Some research have suggested that tone language speakers, and in some cases, musicians, show enhanced pitch processing ability in other nonlinguistic domains such as music (Luo et al., 2007; Pfordresher and Brown, 2009; Bidelman et al., 2011; Giuliano et al., 2011). One speculation is that tone languages (compared to non-tone languages) use pitch height and pitch changes to convey lexical information, and that proficiency in a tone language requires forming strong associations between pitch changes and word meanings (Yip, 2002). As such, the acquisition of a tone language has been hypothesized to sharpen the processing of other pitch-relevant auditory features in speech and or other non-speech domains. For instance, tone-language speakers have been shown to discriminate and imitate through singing musical pitch better than non-tone language speakers both at the perceptual level (Luo et al., 2007; Pfordresher and Brown, 2009; Giuliano et al., 2011) and at the brainstem level (Bidelman et al., 2011). Along the same line, Xu et al. (2006) demonstrated that Mandarin Chinese (i.e., tone language) speakers showed similar categorical perception of the pitch contour in speech stimuli and their non-speech homologous harmonic tone, whereas English (i.e, non-tone language) speakers did not. These findings suggest that the acquisition of a tone language may possibly fine-tune the processing of non-speech auditory features such as musical pitch or frequency modulation (Xu et al., 2006; Pfordresher and Brown, 2009). The present study provides cortical evidence of a temporal window threshold within which tone language speakers were able to encode extremely fast changes in frequency sweep contours.

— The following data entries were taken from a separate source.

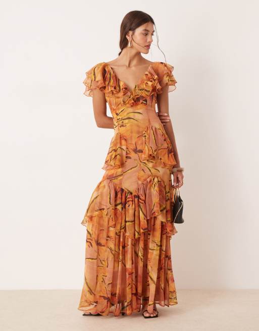 ASOS DESIGN - Midaxi-jurk met lage ronde hals, fladdermouwen, ruches, stroken en bloemenprint in geel
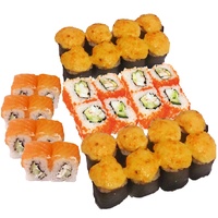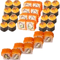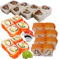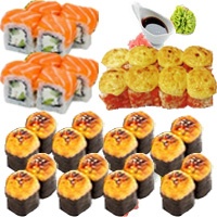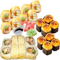 Состав: ФИЛАДЕЛЬФИЯ, АСАХИ, ЗАПЕЧЕННАЯ КАЛИФОРНИЯ, ЗАПЕЧЕННЫЙ С КРЕВЕТКАМИ (васаби 10 гр, имбирь 30 гр, соевый соус 60 гр, 2 палочки) (32 кусочка)
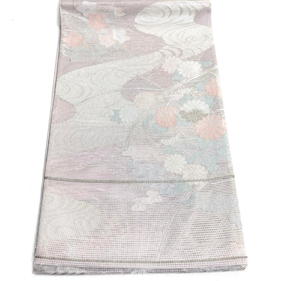 薄く淡いパープルの絽の地に蛇籠に菊や萩、桔梗の文様と流水に観世水の文様が織られた涼しげで華やかなデザインの一着です。
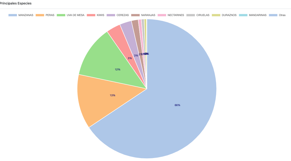 Ecuador es el segundo mercado de destino de las frutas chilenas en Latinoamérica, siendo las principales frutas enviadas manzanas (66% del total enviado a Ecuador), peras 13% del total, uvas de mesa 12%, kiwis y cerezas 3%, respectivamente, seguidas por naranjas con el 2%.
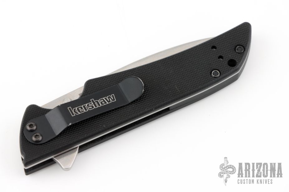 This Skyline by Kershaw features a bead blasted drop point blade with dual thumbstuds and flipper. The frame has G10 scales and a stainless tip down pocket clip. Has a couple scuffs, otherwise Excellent condition.
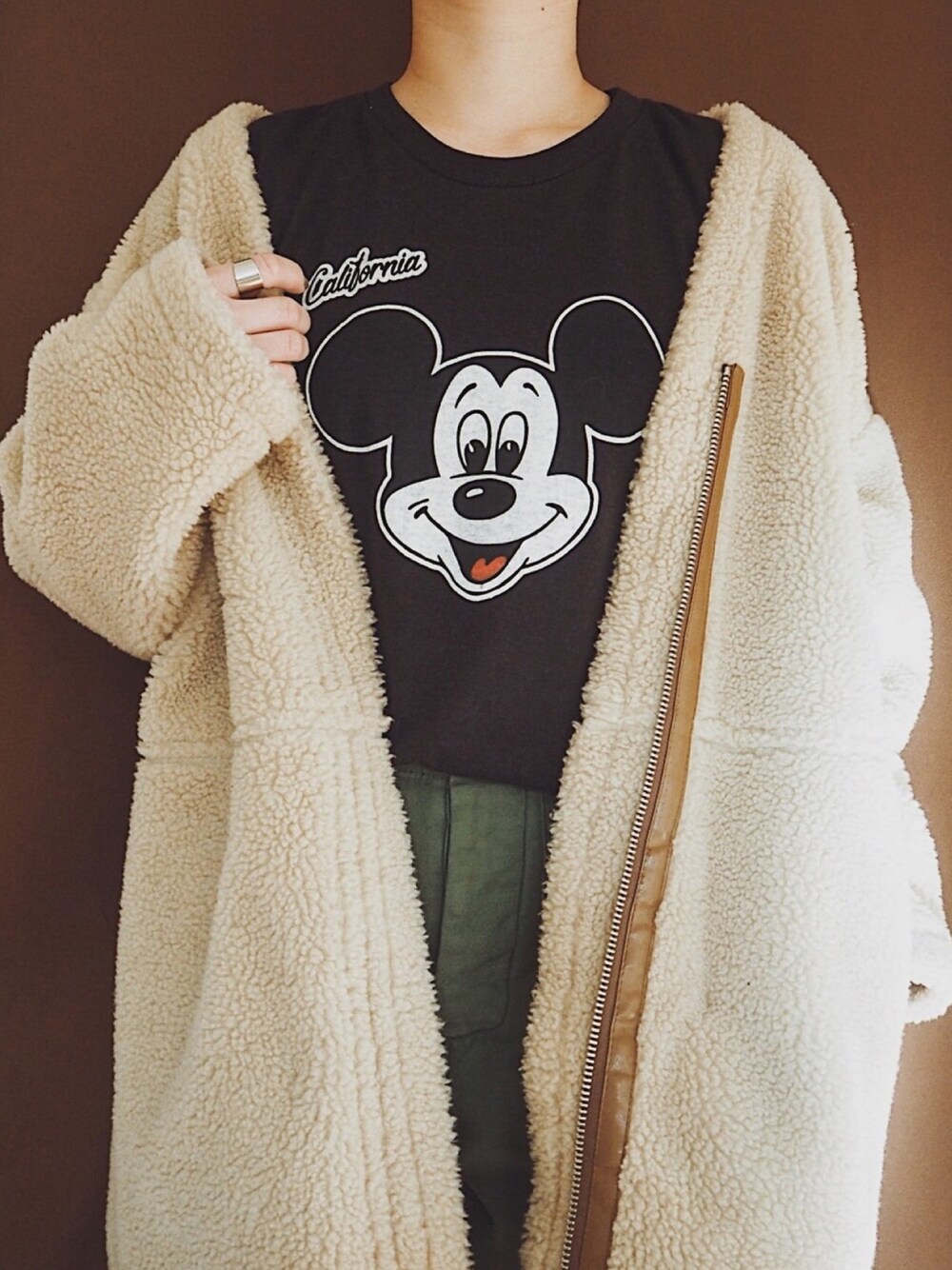 少し前のコーデです! アウター..willfully もこもこにミッキーずっとしたかったやつ🐭 インスタ @micha_n1213
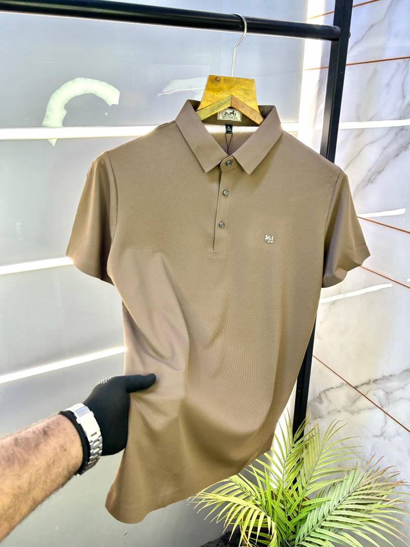 Hermes Brown Polo Imported Collar Neck T-shirt F2693-BR
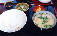 【店名】 ? 【住所】 福岡県甘木市秋月町 【品名】 だんご汁定食 【価格】 ?円 【訪問】 1990年 | |
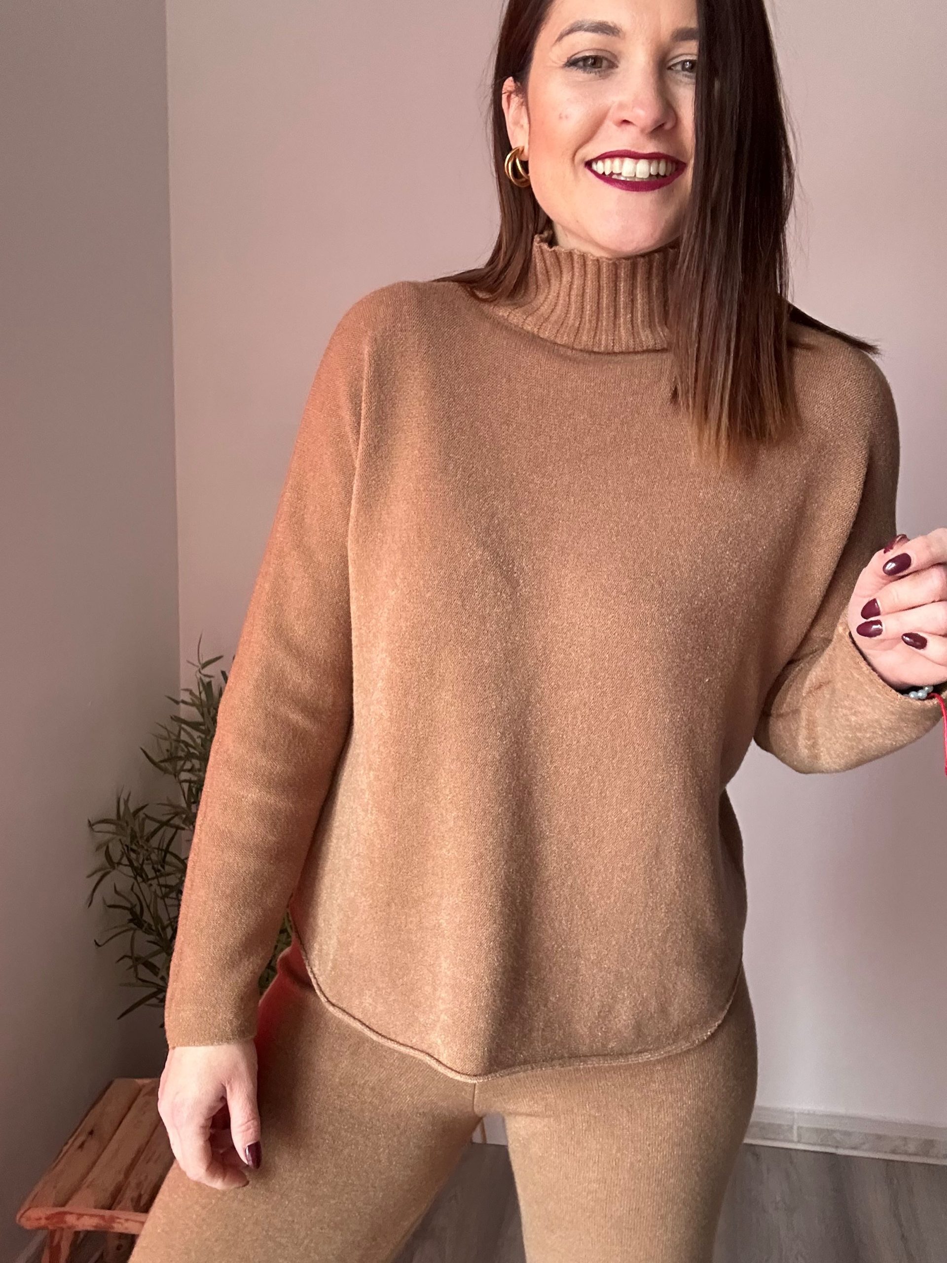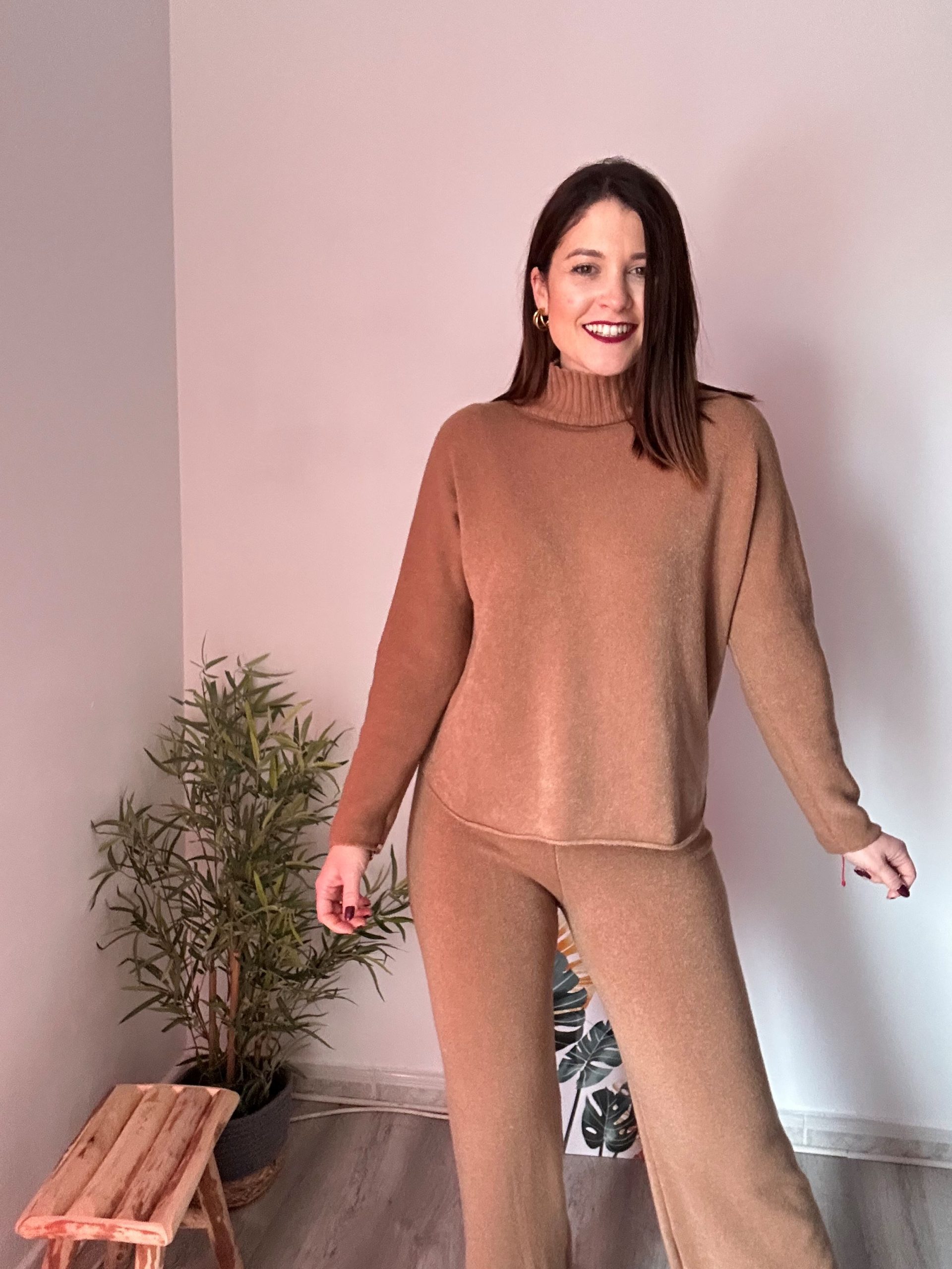 Estos conjuntos están confeccionados en un tejido de punto suave y muy gustoso, perfecto para los meses más frescos. Su tacto calentito aporta confort desde el primer momento, convirtiéndolos en una opción imprescindible para tu fondo de armario. El jersey con cuello chimenea añade un toque moderno y elegante, además de proteger del frío sin necesidad de complementos extra.
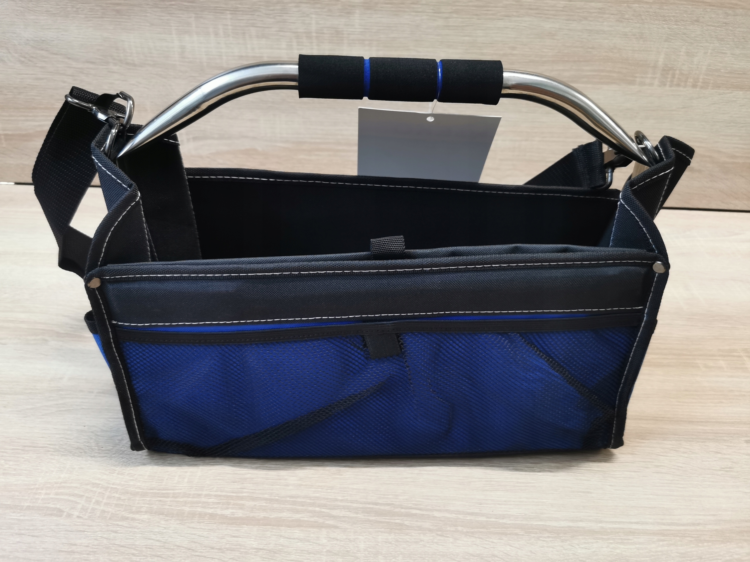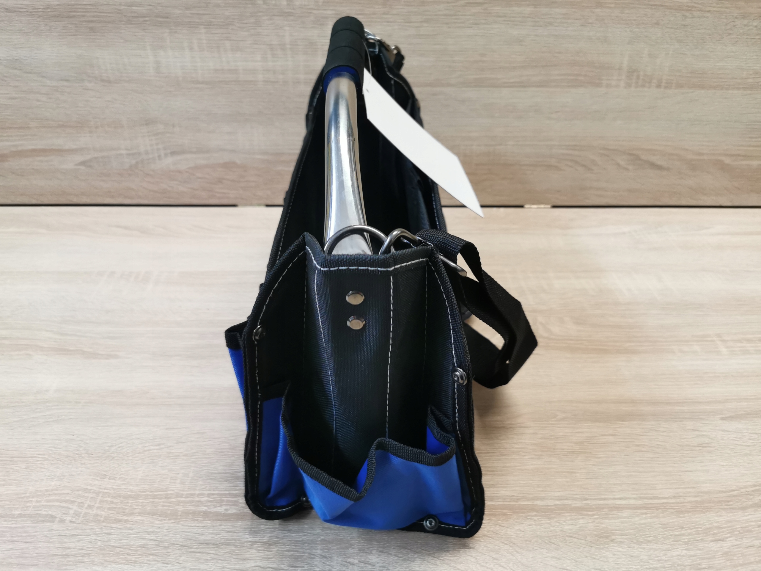 Открытая сумка для инструментов с металлической ручкой и 18 карманами.
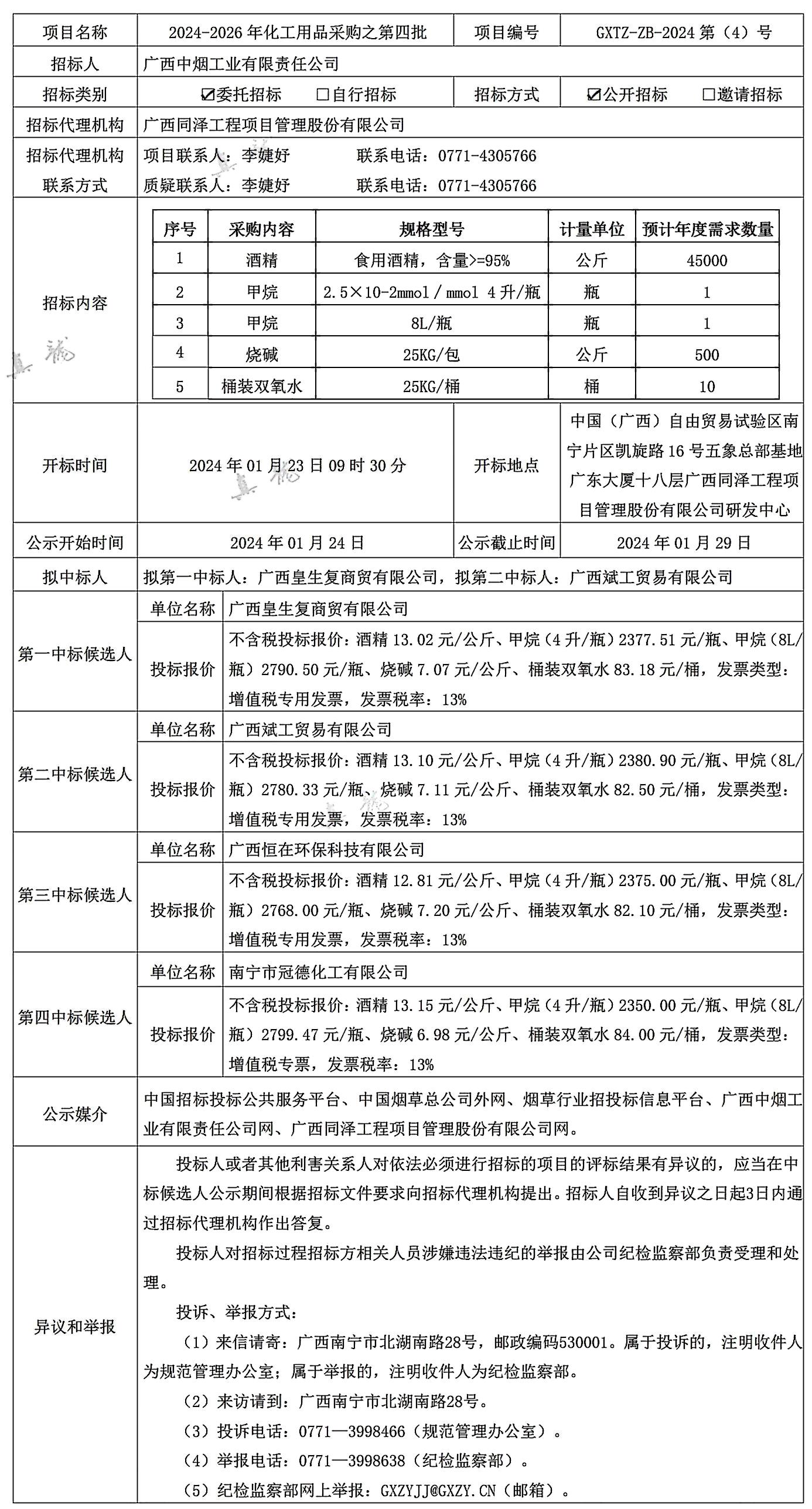 廣西中煙工業(yè)有限責(zé)任公司2024-2026年化工用品采購(gòu)之第四批(項(xiàng)目編號(hào):GXTZ-ZB-2024第(4)號(hào))中標(biāo)候選人公示
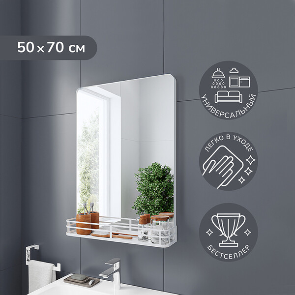 Прямоугольное зеркало с полкой Malta — удачное решение для интерьера ванной комнаты. Отлично подойдет для размещения над умывальником, поможет с комфортом проводить утренние и вечерние гигиенические процедуры. Зеркало прямоугольное, с декоративной рамой белого цвета и шлифованной кромкой, выполнено в дизайнерском стиле. Вертикальная установка зрительно увеличивает высоту потолка. Зеркало визуально расширяет пространство ванной за счет отражения света. Крепления приобретаются отдельно. Диаметр подходящего дюбеля/самореза – 3,5-4 мм.
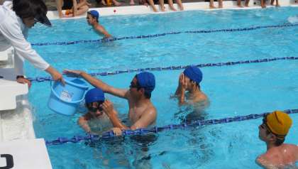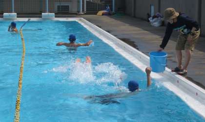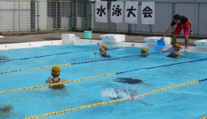 プールの底にある色とりどりのカラーコインを拾い集め、集まった枚数を競いました!
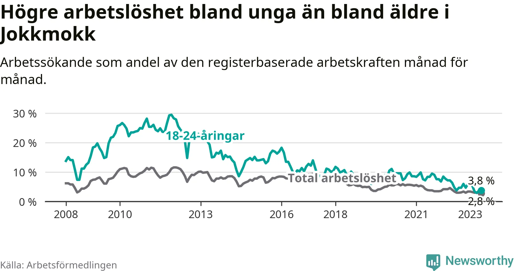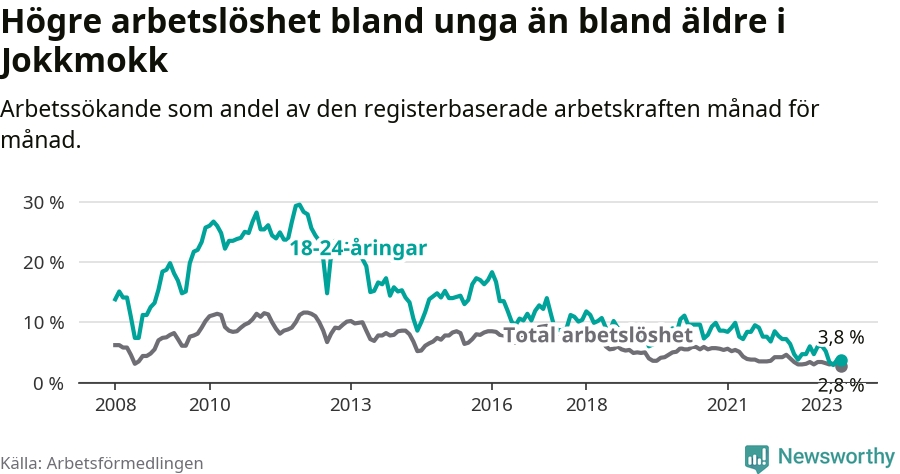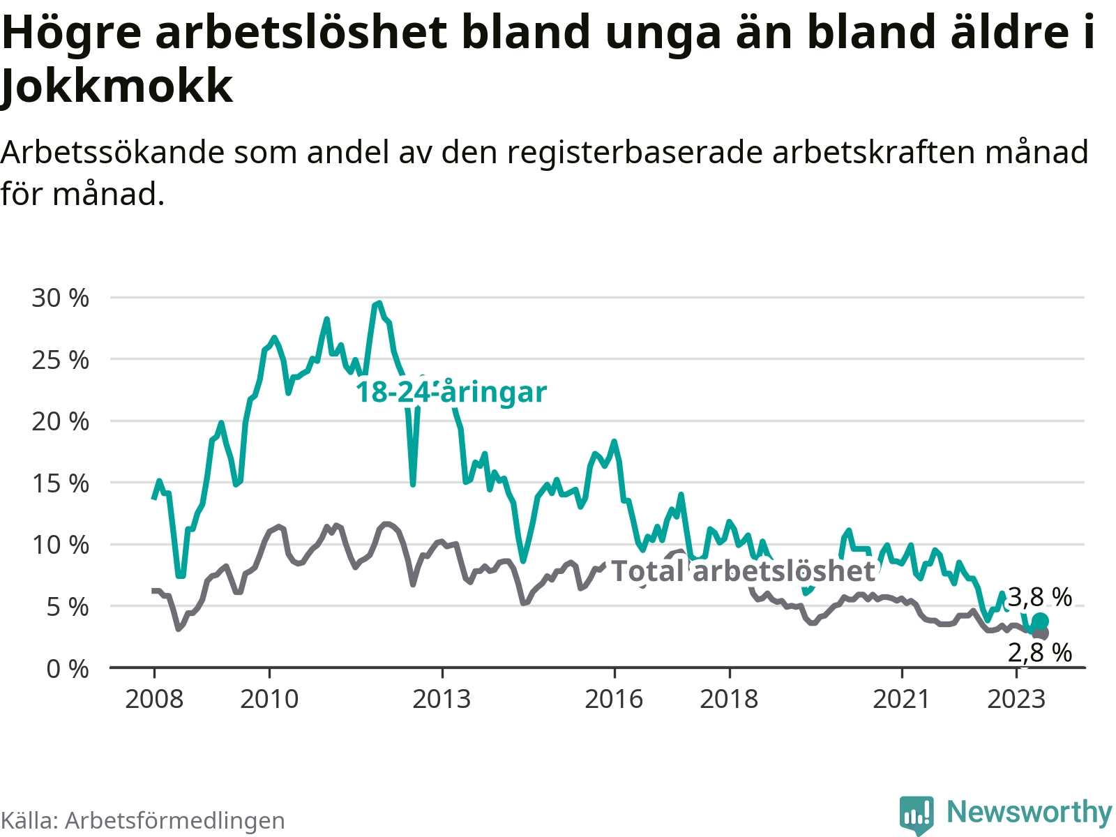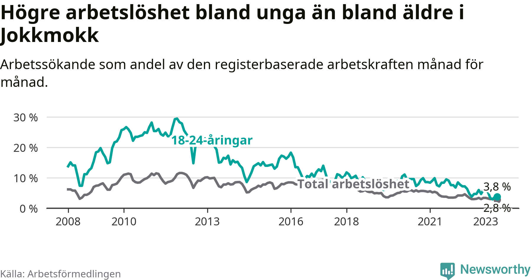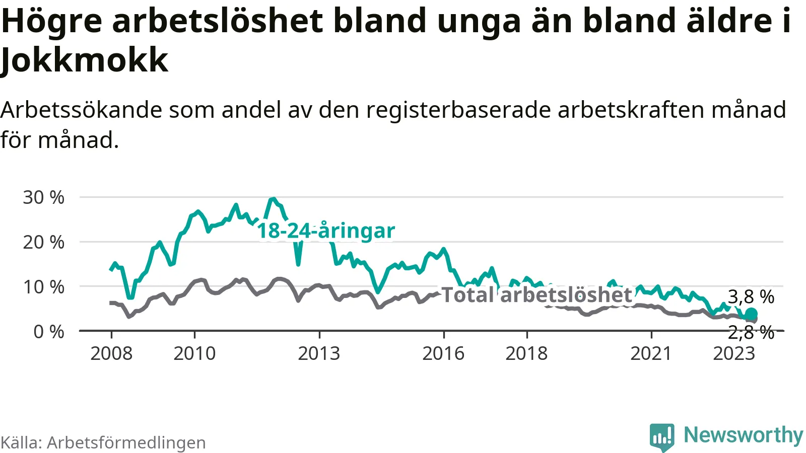 Det är 30:e månaden i följd som arbetslösheten i Jokkmokk är lägre än den var under samma tidpunkt året innan. Sedan december 2020 har arbetslösheten gått ner från 5,4 till 2,8 procent. Den nuvarande arbetslöshetsnivån är därmed den lägsta sedan januari 2008.

Although our finding is in line with the aforementioned evidence supporting the relationship between tone language acquisition and frequency sweep encoding; the specific acoustic features that is modulated by tone-language experience requires further investigation.

Conclusion

We report a very short temporal window limit of 10 ms for the automatic tracking of a dynamic change in frequency sweep direction at the pre-attentive cortical level. The cortically evoked MMNm response is modulated systematically by sweep duration with more pronounced temporally related enhancement for rising frequency-sweep contours. Falling frequency-sweep contours elicits similar extent of mismatch negativity responses across all sweep durations. That the cortically evoked mismatch negativity response is extremely temporally sensitive and systematically affected by FM sweep direction and rate provides further evidence for the special status of FM sweep contour in speech encoding.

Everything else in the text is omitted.